Llegó al distrito de la prefectura en un camión militar, fue declarado para hacer
servicio en la guarnición de artillería, puesto en el que llegó al grado de sargento.
Culminado el servicio, trabajó en una orfebrería, seguidamente en una granja
cebando puercos. Hace siete u ocho años se presentó a un empleo regular, que
consistía en encuadernar archivos para la casa museo. Dos años más tarde
renunció, inmediatamente después empezó a asistir a la Facultad de Letras en la
rama de Sociología, obtuvo las peores calificaciones que un estudiante universitario
pudo tener, sin embargo frecuentó tertulias literarias de poca monta y publicó dos
libros de relatos de escasa calidad. Tres años después, abandona la universidad y se
dedica a beber. Consigue un trabajo como mecánico, se ve implicado en la fuga de
presos, cuya culpabilidad no se ha demostrado. Y recientemente se encontraba con
comparecencia restringida por la muerte de dos prostitutas asesinadas. Los últimos
cinco años ha vivido en la parte sur de la ciudad, como inquilino de una viuda, los
vecinos dicen conocerlo pero no refieren nada más, al parecer fue huraño, de
complicada personalidad. La viuda sostiene: “no le he conocido familia, era como
un huérfano. Por demás, un muchacho recto, con una enfermedad incurable que
tenía mucho que ver con los libros, pagaba puntualmente el arriendo, era muy
celoso de sus asuntos, tenía un gran corazón, uno de esos tipos al que no se le
puede negar nada, pero no le gustaba pedir, no era partidario de aceptar nada
gratis. Su peor mal como le dije era beber y los libros. No se cómo ha podido hacer
esto, pero mi concepto de él no cambiará nunca, todos están en su derecho de
juzgarlo, yo tengo un juicio sobre él y no cambiará”.

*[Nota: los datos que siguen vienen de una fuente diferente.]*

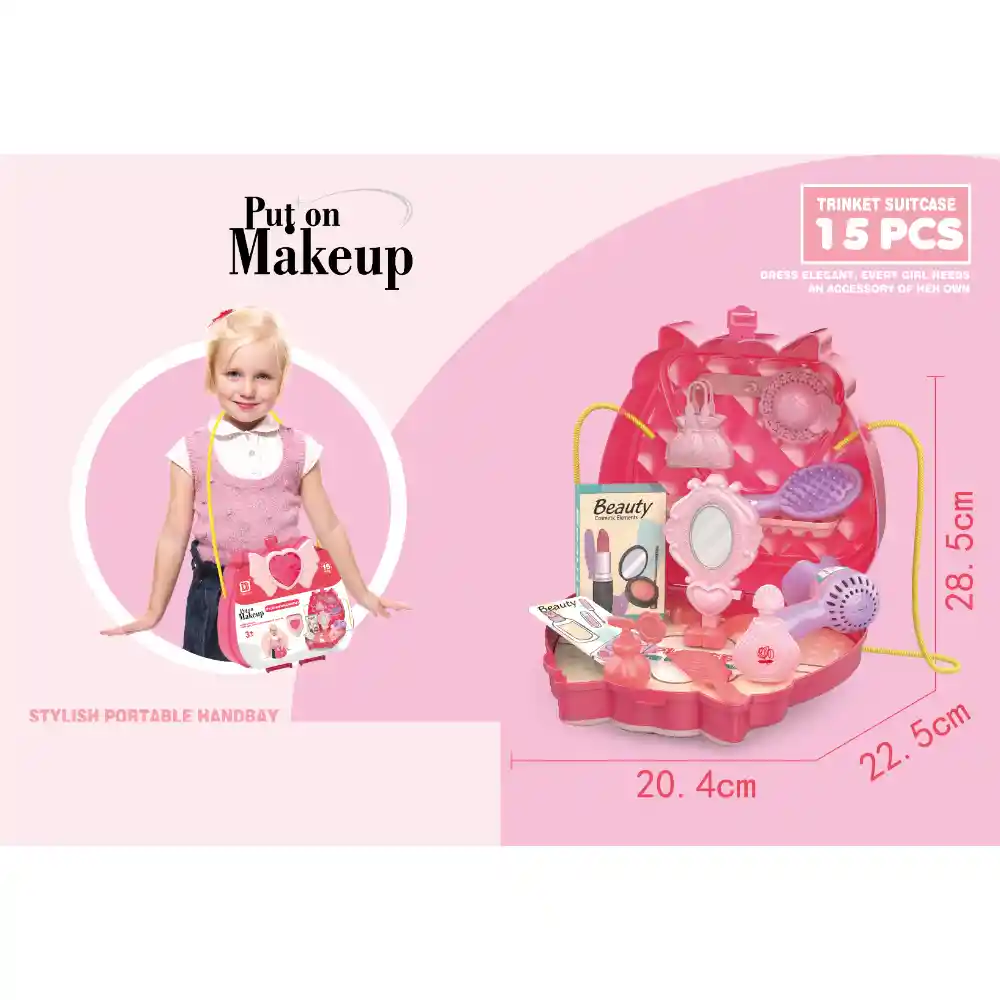 NOMBRE: SET BELLEZA BEAUTY 15 PIEZAS BOLSO DESCRIPCION: Espectacular Set de Belleza con Bolso ideal para que las niñas pasen horas interminables de diversión recreando fantásticas historias de salón de belleza. Este kit de belleza es una gran manera de animar el juego creativo y desarrollo de las habilidades motoras y de imaginación, comunicación y expresión. Incluye imitación de 15 accesorios de belleza. - Dimensiones del producto empacado: 20,4X22,5X28,5 centímetros - Disponibilidad permanente - Despachos a nivel nacional - Tiempo de entrega aproximado 3 a 4 días hábiles contados a partir del día hábil siguiente al pedido. La plataforma te dará un tiempo de entrega mas preciso al momento de concretar la compra. Estamos atentos a resolver cualquier inquietud que tengas después de revisar las fotos y descripción del producto. JUGUETELANDIA más de 30 años ofreciendo diversión. Fabricante: ZE MING TOYS FACTORY Importador: Plasticos Asociados SA Recomendaciones: Requiere de la supervisión directa de un adulto, puede contener partes pequeñas, riesgo de asfixia o ahogamiento, no destinar este juguete para menores por debajo de la edad establecida en la etiqueta. Edad mínima sugerida: 3 años Lote: Dato variable. Se puede verificar en el sticker que trae el producto físico. Fecha de fabricación: Dato variable. Se puede verificar en el sticker que trae el producto físico.

El perro se acercó a la puerta, dio agudos gruñidos. La carne asada estaba en
el mismo lugar. Y supuse que necesitaba salir que vivir en ese hotel encerrado, una
necesidad que estaba en mis manos resolver. Miré por la ventana a la calle, el trajín
resuelto del mundo: el auto estacionado en la esquina, una señora lavando ropa en
una azotea, las paredes olvidadas de un edificio antiguo, dos niños jugando a las
escondidas en el patio de una vivienda aledaña, el semáforo en rojo de esta otra
avenida, el monótono vaivén de las palmeras enanas al empezar la avenida
principal… es decir, todo ubicado en la posición inalterable de un juego calculado,
en cuyo diseño no estaba el perro, tampoco yo.
Miré el maletín que trajo Mary, vi en él una última esperanza, esperanza que
no esperaría un minuto más, esperanza por aquel sitio remoto donde la justicia de
los hombres no me alcanzaría.
Puse el teléfono móvil sobre la desnuda mesilla, como un mensaje de
consuelo para Mary; luego metí en el maletín todo, con una sensación única de
libertad. Bajé apresuradamente los peldaños de los tres pisos del hotel, seguido por
el perro. Y Salí a la calle. El perro al verse libre corrió por su vida calle abajo en
dirección del pasaje Los Geranios, a estirar su cuerpo bajo el limonero, a buscarse
carne asada en los basurales, antes de desaparecer volvió la mirada para dar un
ladrido, bajar la cabeza y dejar atrás lo que sería sólo un recuerdo.
Tomé un taxi, “¿a dónde?”, “al terminal”. El trayecto, el mismo sueño, sólo
que ahora iba sobre ruedas, sabiendo dónde quería ir. El taxi me dejó a unos pasos
de la puerta. El mismo hombre de los sueños que quiso rechazarme por el perro,
ahora espantaba moscas con un periódico en cuyas páginas estaba mi retrato en tres
formas. Avancé a los pasillos de las ventanillas, la misma dependienta, “un boleto
por favor”, “¿para dónde?”, y me reservé aquello de: los pinos, los pájaros, los
cultivos, el río que surca los cultivos, la soledad de los ancianos, la orfandad de los
niños y aquella laboriosidad silvestre de sus hombres… en vez de ello dije una sola
palabra, un término real que describiera algún país de ensueño.